I plan getting Garry's Mod, Plants vs Zombies, and Left 4 Dead 2 (and one, perhaps) when I have some spare money, and Portal 2 when it comes out.


----------



## Blastoise Fortooate (Aug 7, 2010)

...I reeally only use it for Portal.


----------



## Zora of Termina (Aug 7, 2010)

Blastoise said:


> ...I reeally only use it for Portal.


This.

Don't have money for anything else, and Portal was free at the time. :l


----------



## Murkrow (Aug 7, 2010)

I first got it when I got the Orange Box back in 2007. Now I have loads more games though, blame the sales going on a month ago for tripling my games list length.

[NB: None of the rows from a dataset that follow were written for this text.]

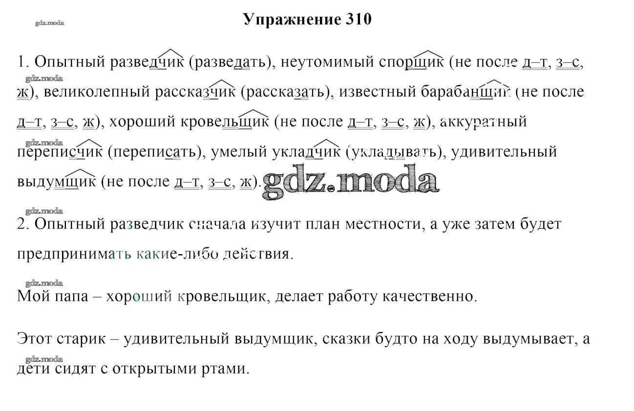 ОТВЕТ на задание № 310 Учебник по Русскому языку 6 класс Мурина
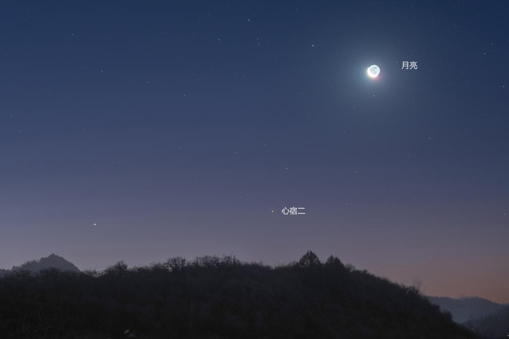 2024年12月28日在甘肃陇南拍摄的心宿二伴月。(鲁罡摄)
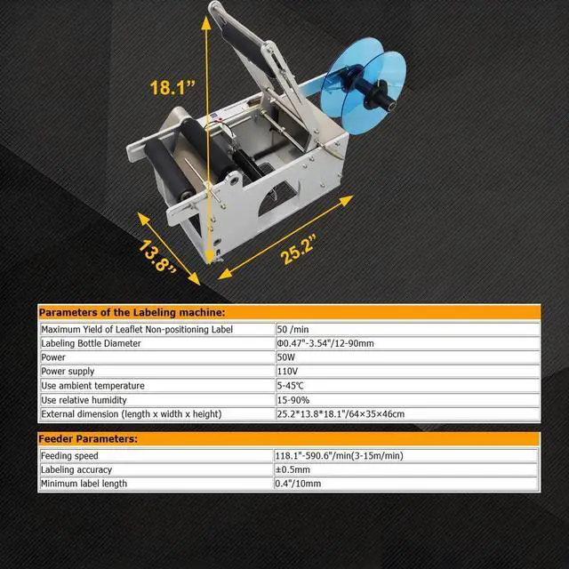 Parameter of the Labeling Machine: Maximum Yield of Leaflet Non-positioning Label: 50 /min; Labeling Bottle Diameter: 0.47"-3.54"/12-90mm; Power: 50W; Power supply: 110V; Use Ambient Temperature: 5-45; Use relative humidity: 15-90%; External Dimension (length x width x height): 25.2*13.8*18.1"/64×35×46cm
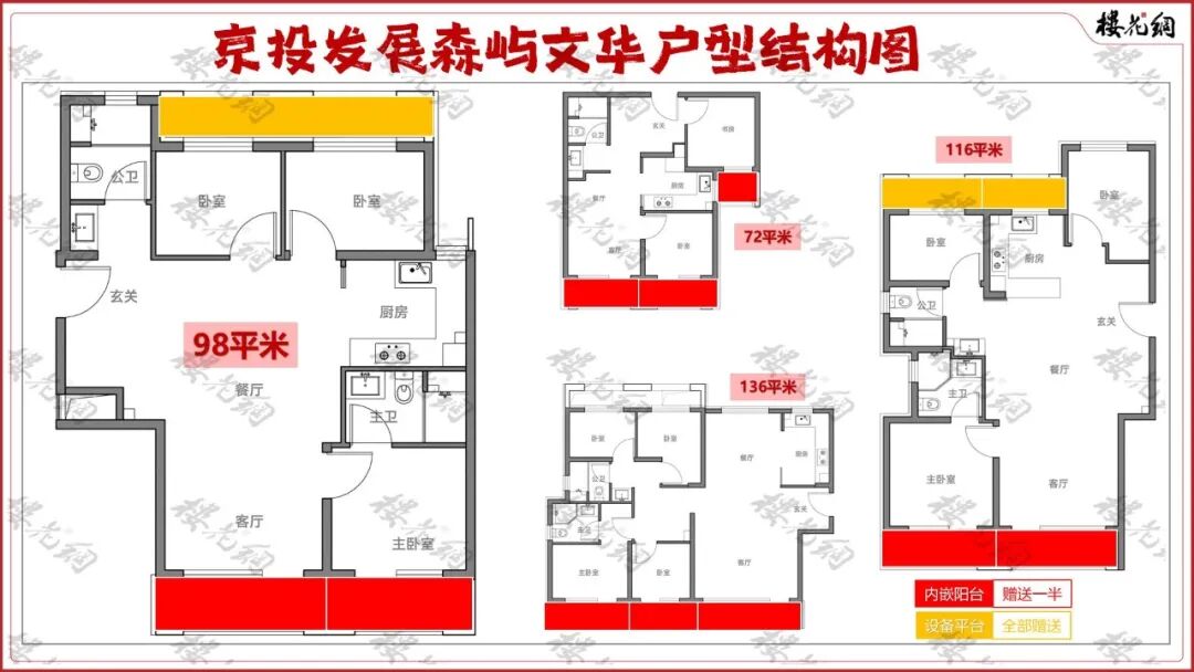 其中72㎡两居、98-99㎡三居为主力户型,占比超过60%。
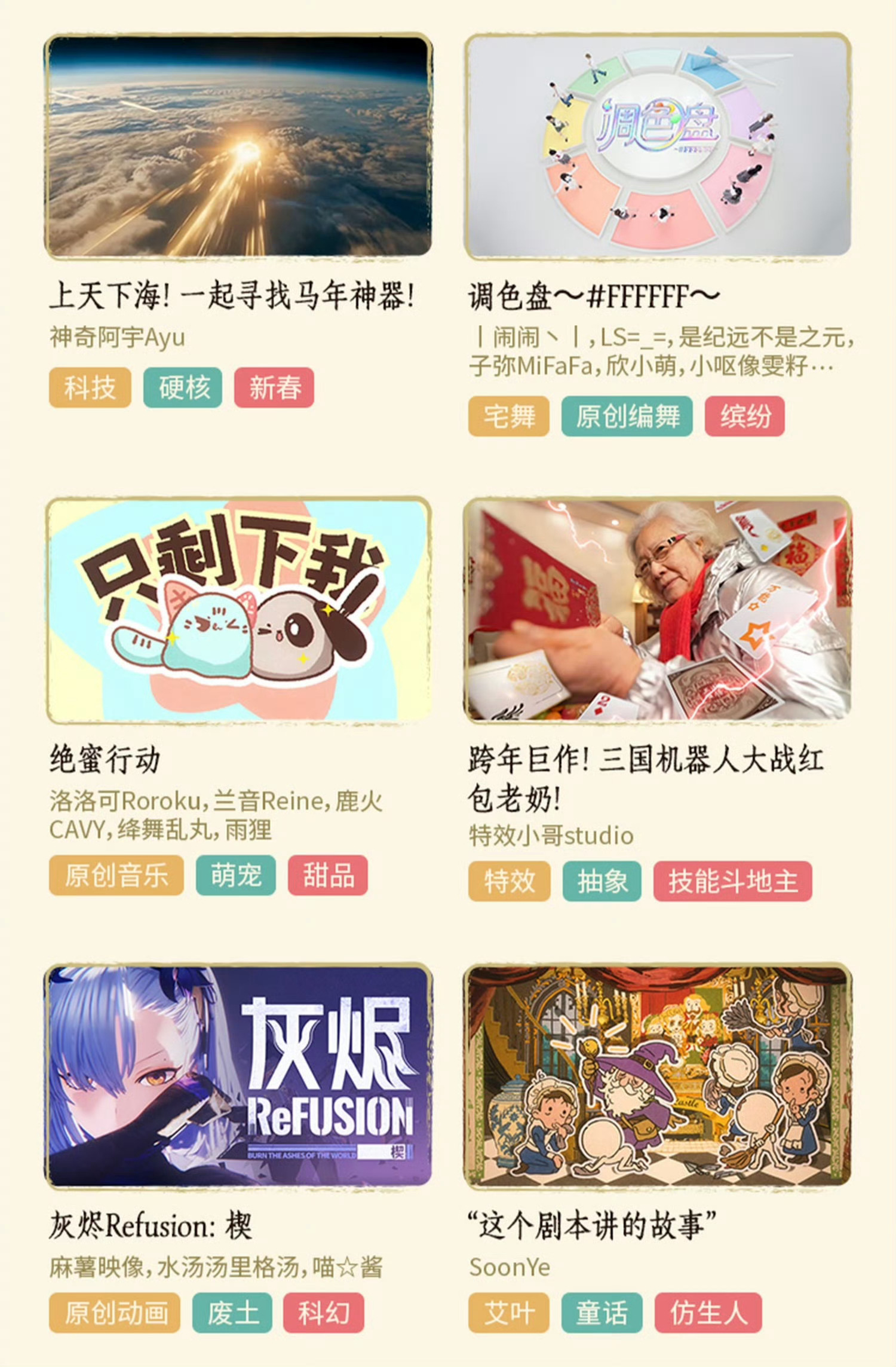 二次元春晚节目单啊啊啊节目单也太顶了吧!国风舞台+脑洞动画短片,还有洛天依新歌《辟浪》和凡人二创曲,这阵容光是看着就热血沸腾了!李常超、屠洪纲这些大佬也来加码,快乐密度直接拉满!

Not sure what my favourite game is but my favourite multiplayer game is Team Fortress 2. Even though I suck at it.

Here's my profile


----------



## Bluberry Bat (Aug 7, 2010)

I suppose it's about time for a general-Steam-topic.

Herp Derp.

Unsurprisingly, you'll usually find me in TF2. I also partake in the mass genocide of zombies, though unfortunately my computer hates the first iteration more than Francis hates Ayne Rand and likes to crash out after a chapter or two, so I must wait until I can actually get a -decent- computer to play that more.
I have GMod but really don't play it multiplayer, and a handful of cheap and/or free and obligatory Orange Box HL2 set games I don't really play anymore.


----------



## H-land (Aug 8, 2010)

Wow.
I have Steam, too, but.
I've got 32 games on it, according to Steam.
And I still don't think I've played them all (because I still haven't finished Shadow of Chernobyl, and won't start Clear Sky until I do), and... Yeah.

Haven't been doing much on it lately since I've been playing Minecraft. I was just working on maps for TF2 before that, though. Need to get back to that some time.


----------



## benwayshouse (Aug 9, 2010)

i have it. i only have portal; it was because of the steam for mac deal, so i got portal for free if i registered for steam. it runs flawlessly on my macbook pro, actually :3


----------



## Ether's Bane (Aug 18, 2010)

Wrong forum, buddy.


----------